Ila Selwyn has published a previous poetry collection, two sisters, two chapbooks and a number of handmade books. She was an MC at Auckand’s Poetry Live, ran Rhythm & Verse at Titirangi’s Lopdell House and has run National Poetry Day events.

Ila’s new collection is as much a performance piece as it is an aural and visual symphony for the page. The book tips you as reader. It is in landscape format turning on a vertical rather than horizontal axis. The poems hug the right-hand margin. Quirky black and white drawings are scattered throughout. Lines in italics are mashed from songs or dead poets, so as you read, familiar melodies cut into the poems.

The word at the start of a line has a big role to play. It is the bridge between two thoughts (‘you be piggy in the/ Middlemarch‘).  This is the joy of reading a collection that keeps you on your toes; that startles with its jumpcuts, its playful wit and willingness to rove and risk in myriad directions. The poems move through the personal, politics, popular culture, books, people, cities, geography, history, the weather.
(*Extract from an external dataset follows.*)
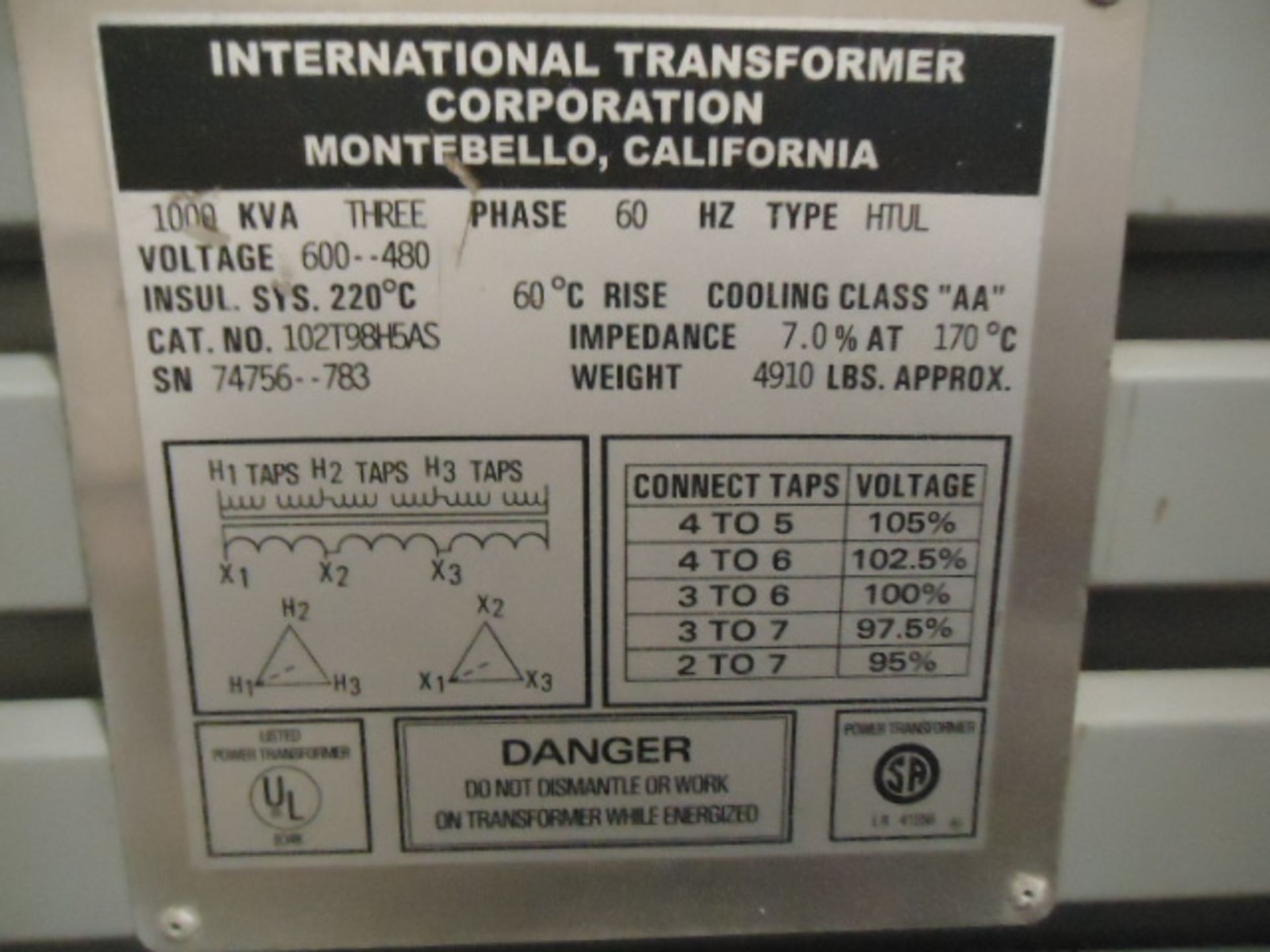 International Transformer Corp. 1,000 KVA
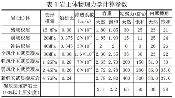 在静动力计算中,边坡岩(土)体均采用弹塑性模型,岩土体物理力学参数见表1。

dancing with dragons is an exuberant explosion of words on the page, beautifully crafted and a joy to read. It is like catching the radio static of the world.

 

 

walking, poems pop into my mind, but when i get home they vanish from my

HeadworX is a select publishing house in

Wellington won The Battle of Waterloo and gave his name to a pair of gum

Boots was my darling dog that i carried over a mile from primary school to escape the dog

Catcher in the Rye is an American classic i adore, so taught it at sixth

form the clay into balls, pressing out the air, before you

throw me the ball Doug, and Ann, you be piggy in the

Middlemarch is not a novel about a March Hare, nor is it set in the middle of

March in NZ is the beginning of our

autumn leaves float by my window / and how i wish that you were

here, hear and hair are pronounced the same way by many

kiwis are a protected species of

 

from ‘pickled impressions’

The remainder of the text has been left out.